Small number of OTUs reported in Qiime2 taxonomic classification

Mania · May 17, 2021, 10:49am

Hi to all,

I' am running a metagenomics analysis on fecal samples using qiime2-2021.2 (locally installed via conda). After performing cutadapt trimming, dada2 denoising and taxonomic classification using Naive Bayes classifiers trained on: Greengenes 13_8 99% OTUs full-length sequences (MD5:03078d15b265f3d2d73ce97661e370b1) (Data resources — QIIME 2 2021.2.0 documentation),
the feature table exported as output contained few OTUs, one in each sample (OTUs are reported only in 6 out of 32 samples) [taxonomic classification.tsv attached].

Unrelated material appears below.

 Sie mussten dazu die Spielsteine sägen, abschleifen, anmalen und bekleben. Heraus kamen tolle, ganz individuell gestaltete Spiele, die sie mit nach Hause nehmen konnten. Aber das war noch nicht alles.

Below, you can find other things I've tried, besides performing the analysis using trained classifier, as well as the commands I ran. I cannot find out what may have gone wrong during the analysis, and I would be glad if you could enlighten me...
Thank u in advance!
I have already:
a) performed the analysis using pre-trained databases (still few OTUs reported as output):

- Silva 132 99% OTUs full-length sequences (MD5: a02c3f7473fa4369bbc66158c799d39a)
- Greengenes 13_8 99% OTUs full-length sequences (MD5: 9a28a285305c2bfd2de46add7dd520d7)

a) formed the --p-trunc-len-f 210 AND --p-trunc-len-r 185 parameters based on all-cutadapt.qzv output (attached)

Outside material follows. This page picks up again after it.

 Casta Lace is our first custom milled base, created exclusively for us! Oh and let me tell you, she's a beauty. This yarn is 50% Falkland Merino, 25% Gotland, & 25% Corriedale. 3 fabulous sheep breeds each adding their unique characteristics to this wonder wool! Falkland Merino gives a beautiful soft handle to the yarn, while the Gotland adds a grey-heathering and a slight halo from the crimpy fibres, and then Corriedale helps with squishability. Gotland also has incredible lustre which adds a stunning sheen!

c) trained the classifier and perform cutadapt using both adapter and primer sequence as reported in the https://support.illumina.com/documents/documentation/chemistry_documentation/16s/16s-metagenomic-library-prep-guide-15044223-b.pdf (p.3)

"16S Amplicon PCR Forward Primer = 5'
TCGTCGGCAGCGTCAGATGTGTATAAGAGACAGCCTACGGGNGGCWGCAG
16S Amplicon PCR Reverse Primer = 5'
GTCTCGTGGGCTCGGAGATGTGTATAAGAGACAGGACTACHVGGGTATCTAATCC"
The Illumina overhang adapter sequences to be added to locus‐specific sequences are:
Forward overhang: 5’ TCGTCGGCAGCGTCAGATGTGTATAAGAGACAG‐[locus‐
specific sequence]
Reverse overhang: 5’ GTCTCGTGGGCTCGGAGATGTGTATAAGAGACAG‐[locus‐
specific sequence]"

Commands
1) cutadapt trimming
qiime cutadapt trim-paired
--i-demultiplexed-sequences output/demux_samples.qza
--p-cores 3
--p-front-f CCTACGGGNGGCWGCAG
--p-front-r GACTACHVGGGTATCTAATCC
--o-trimmed-sequences qiime demux summarize
--i-data output/all-cutadapt.qza
--o-visualization output/all-cutadapt.qza
--p-error-rate 0.2
--verbose > output/all_cutadapt_stats.txt

2) dada2 denoising
qiime dada2 denoise-paired
--i-demultiplexed-seqs output/all-cutadapt.qza
--p-trunc-len-f 210
--p-trunc-len-r 185
--p-n-threads 0
--o-table output/dada2_table.qza
--o-representative-sequences output/dada2_rep_seq.qza
--o-denoising-stats output/dada2_denoising-stats.qza \

3) taxonomic classification
qiime feature-classifier classify-sklearn
--i-classifier output/99OTUs_greengenes_trained_classifier.qza
--i-reads output/dada2_rep_seq.qza
--o-classification output/seq_taxonomy.qza \

taxa-bar-plots.qzv (443.9 KB) dada2_rep_seq.qzv (217.6 KB)
all-cutadapt.qzv (317.2 KB)
dada2_denoising-stats.qzv (1.2 MB)

jwdebelius · May 17, 2021, 3:28pm

Hi @Mania,

Welcome to the forum!

Looking at your denoising stats, it looks like your sequences failed to join based on the current sequencing and trim length. Depending on your sequencing and primers you want want to re-examine your DADA2 trim length or only use forward reads.

Best,
Justine

Mania · May 21, 2021, 10:16am

Thank you for the quick response @jwdebelius,

I’ll re-run the analysis using a different trim length, and check if the output is affected.

Best,
Mania

system · June 21, 2021, 4:17pm

This topic was automatically closed 31 days after the last reply. New replies are no longer allowed.